• [Your instructions]: Look below for the line holding "Замысловатый сине-белый геометрический" and the line holding "지역을 선택하고 저는". Repeat those two and everything between, exactly.

• [Data supplied]:
---+---
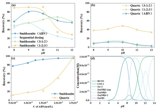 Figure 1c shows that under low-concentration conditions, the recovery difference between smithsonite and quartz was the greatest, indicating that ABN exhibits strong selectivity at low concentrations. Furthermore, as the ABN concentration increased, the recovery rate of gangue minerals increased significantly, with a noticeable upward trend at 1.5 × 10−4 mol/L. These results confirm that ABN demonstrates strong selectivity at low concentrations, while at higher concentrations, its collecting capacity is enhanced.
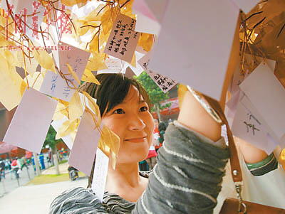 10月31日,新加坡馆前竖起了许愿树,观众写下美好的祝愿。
---+---
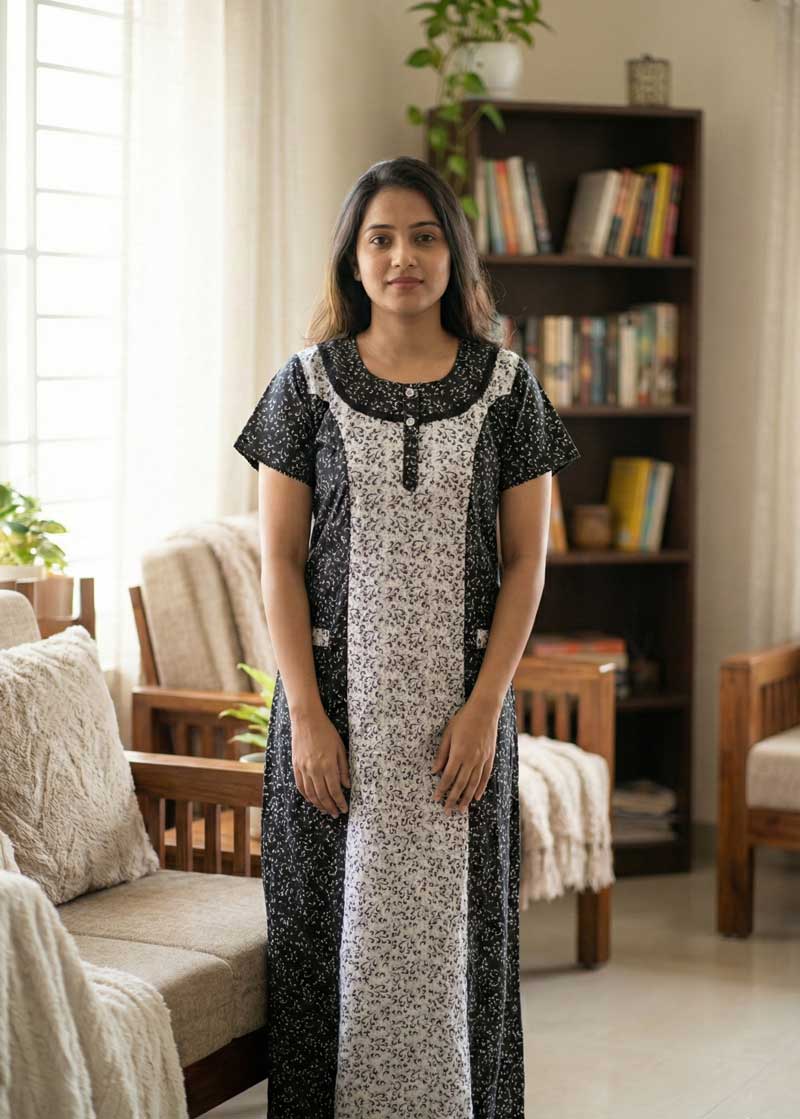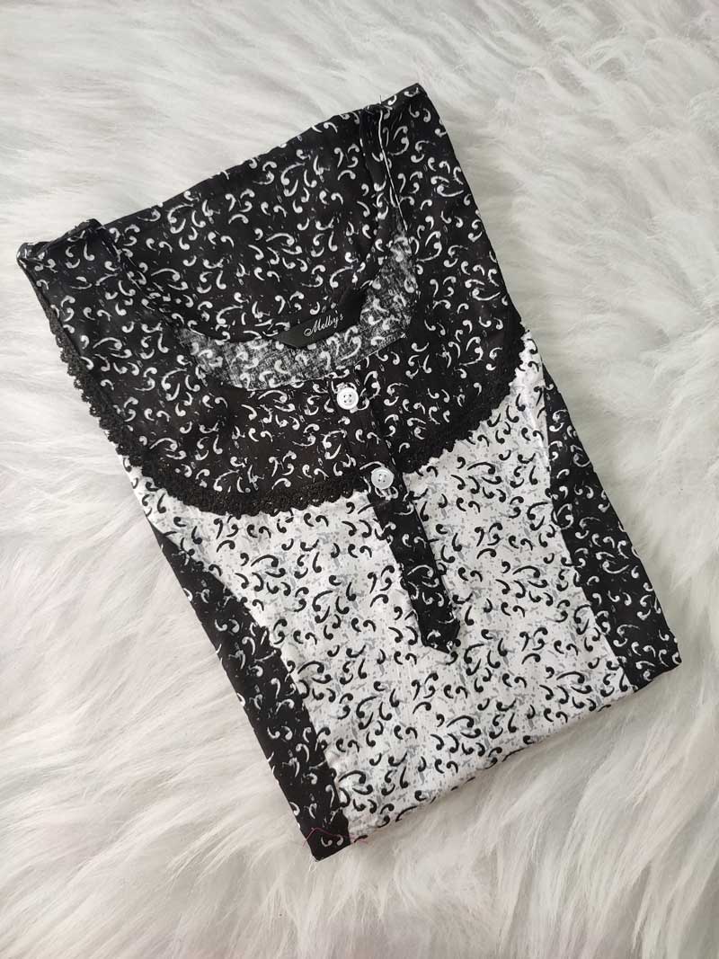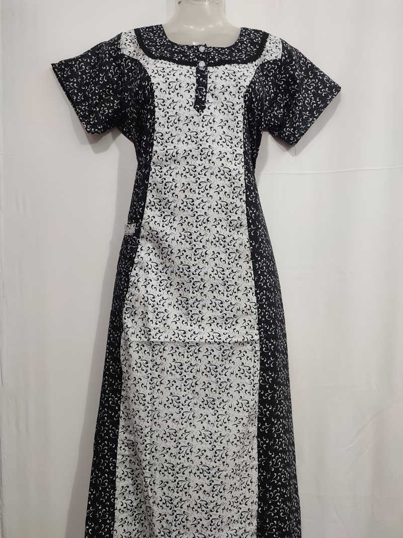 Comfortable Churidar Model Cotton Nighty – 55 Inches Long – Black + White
---+---
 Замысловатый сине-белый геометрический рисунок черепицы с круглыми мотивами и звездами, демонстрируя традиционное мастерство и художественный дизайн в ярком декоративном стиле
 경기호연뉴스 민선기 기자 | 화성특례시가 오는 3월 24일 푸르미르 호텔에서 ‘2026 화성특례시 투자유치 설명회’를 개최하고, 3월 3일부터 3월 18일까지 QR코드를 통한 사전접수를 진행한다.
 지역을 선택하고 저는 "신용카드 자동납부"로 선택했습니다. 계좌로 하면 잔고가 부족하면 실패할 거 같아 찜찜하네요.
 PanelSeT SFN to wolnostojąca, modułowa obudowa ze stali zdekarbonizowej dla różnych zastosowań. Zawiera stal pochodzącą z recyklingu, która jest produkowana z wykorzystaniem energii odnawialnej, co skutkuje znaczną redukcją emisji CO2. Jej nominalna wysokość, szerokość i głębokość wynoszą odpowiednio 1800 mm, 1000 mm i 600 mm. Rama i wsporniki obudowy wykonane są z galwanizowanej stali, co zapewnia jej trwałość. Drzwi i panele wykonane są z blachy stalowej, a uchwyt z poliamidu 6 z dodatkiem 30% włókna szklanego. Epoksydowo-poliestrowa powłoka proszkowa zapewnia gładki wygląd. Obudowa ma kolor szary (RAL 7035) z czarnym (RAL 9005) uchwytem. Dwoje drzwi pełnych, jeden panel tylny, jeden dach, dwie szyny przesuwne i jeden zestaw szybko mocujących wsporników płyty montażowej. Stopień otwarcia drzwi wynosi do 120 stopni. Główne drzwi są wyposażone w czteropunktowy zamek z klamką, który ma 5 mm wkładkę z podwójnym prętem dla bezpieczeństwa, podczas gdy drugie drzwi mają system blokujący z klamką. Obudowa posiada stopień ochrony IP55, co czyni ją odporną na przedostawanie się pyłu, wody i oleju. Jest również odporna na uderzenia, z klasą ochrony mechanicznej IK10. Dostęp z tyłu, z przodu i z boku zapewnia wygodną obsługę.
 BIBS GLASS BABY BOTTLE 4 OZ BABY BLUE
---+---
• [Reply to the exercise]:
 Замысловатый сине-белый геометрический рисунок черепицы с круглыми мотивами и звездами, демонстрируя традиционное мастерство и художественный дизайн в ярком декоративном стиле
 경기호연뉴스 민선기 기자 | 화성특례시가 오는 3월 24일 푸르미르 호텔에서 ‘2026 화성특례시 투자유치 설명회’를 개최하고, 3월 3일부터 3월 18일까지 QR코드를 통한 사전접수를 진행한다.
 지역을 선택하고 저는 "신용카드 자동납부"로 선택했습니다. 계좌로 하면 잔고가 부족하면 실패할 거 같아 찜찜하네요.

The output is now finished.